Такой невозможно красивый, сотканный из чувственности, порока и греха. И нежной трогательности. Я никогда раньше не замечал, или уже забыл, что Дерек может быть таким…незащищенным, таким невинным и свежим, как утренняя роса, когда смотрит на меня широко распахнутыми глазами, темными, как самый густой лес без солнечных просветов, а влажные яркие губы приоткрываются, не в силах сдержать глухой стон, и по-детски вьющиеся пряди разметаны по простыне. Его хочется зацеловать, задушить в объятиях, потакая своей какой-то нездоровой садистической нежности.

Я наклонился к нему, почти лег сверху и припал губами к его приоткрытому рту, ловя жаркое прерывающееся дыхание. Пальцы Дерека сразу запутались в моих волосах на затылке, одна рука обвила спину и прижала меня к взмокшему телу, а ноги скрестились за спиной. Осознание того, что это именно его ноги, вырвало из меня почти что рык, будто я не верил до конца, что этот сильный, властный мужчина принимает меня в себя. А сцепленные за моей спиной ноги, как символ моей окончательной победы, и его капитуляции, что он сам, по своей воли отдал мне свое тело. Как жаль, что не душу…

- Хочу быстрее, – зашептал он мне в губы, посылая дрожь по позвоночнику.

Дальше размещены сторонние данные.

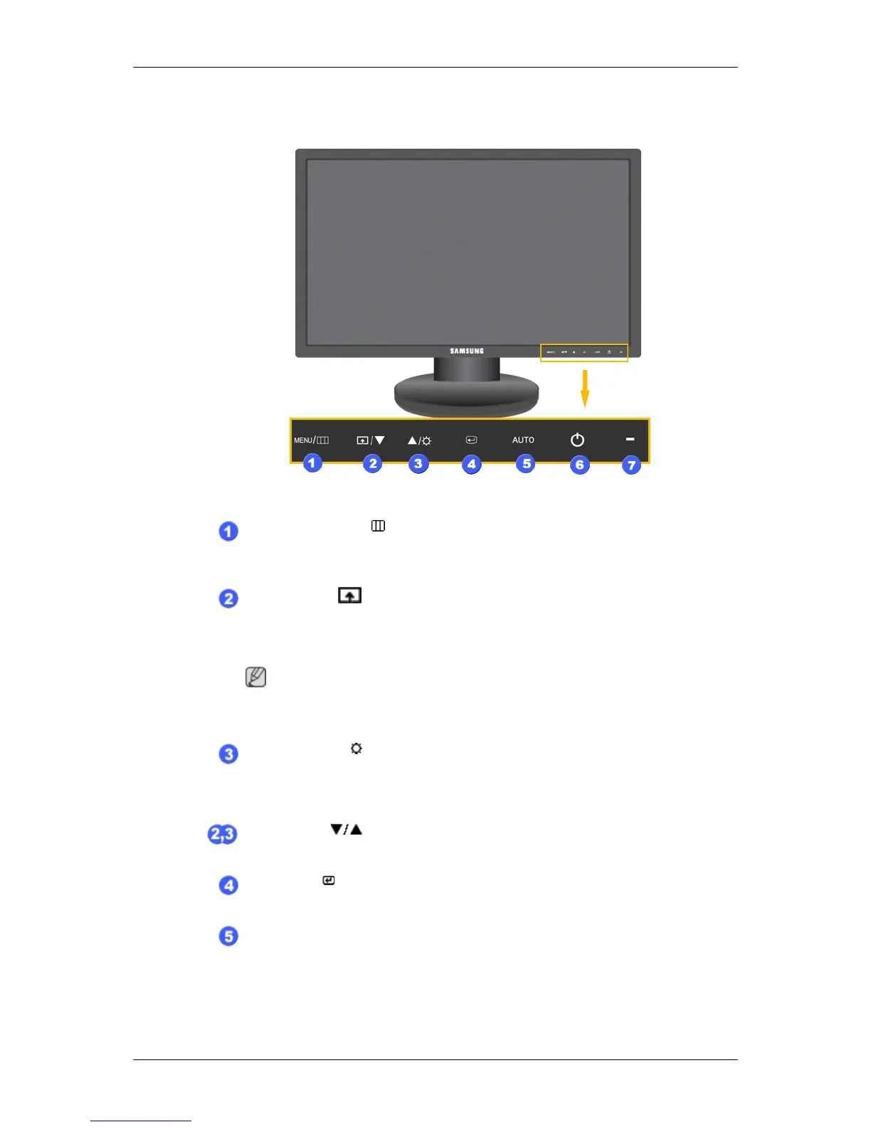 When OSD is not on the screen, push the button to adjust brightness.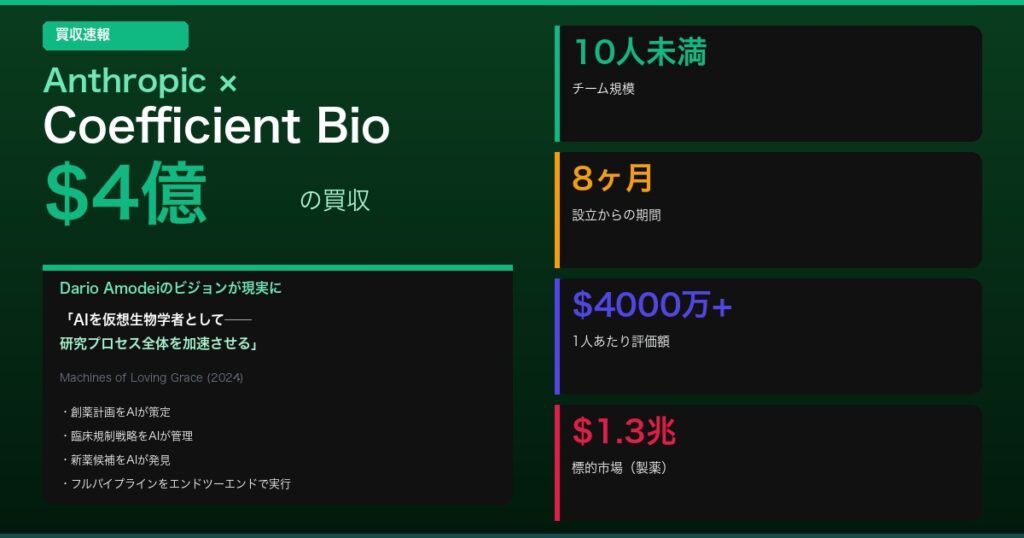 10人未満のスタートアップに4億ドル──何を買ったのか Anthropicが、ステルスモードのバイオテックAIスタートアップCoefficient Bioを約4億ドル(全額株式取引)で買収した。設立からわずか8ヶ月、従業員10人未満、公開製品なし──1人あたり4,000万ドル以上...

Тогда я поднялся, неохотно отстранившись от его тела, и волосы мои облепили его плечи, торс, скользя по коже последней лаской. Я снова прижал его ноги к груди, положив свои ладони ему под колени, и сорвался в сумасшедшем ритме, напоминающим скорей гон Адской Охоты. Я и Охотник, и Адская Гончая. Я брал и рычал, вколачивался в распластанное подо мной тело, впитывая в себя нашу близость, нашу жажду друг друга. Дерек взглянул между нашими телами одурманенным взглядом, красивое лицо исказилось, а потом О’Нелли обессилено упал на простыни, и его выгнуло дугой. Мышцы четко выступили на стройном напряженном теле, семя выплеснулось белесой струей, запачкав его живот и бедра, и я отпустил себя, запрокидывая голову и закрывая глаза, ловя своим телом шторм наслаждения. Всего пара толчков бедрами и я выплеснулся глубоко в любимое тело. Замер, а потом рухнул на Дерека, не желая больше двигаться. Никогда.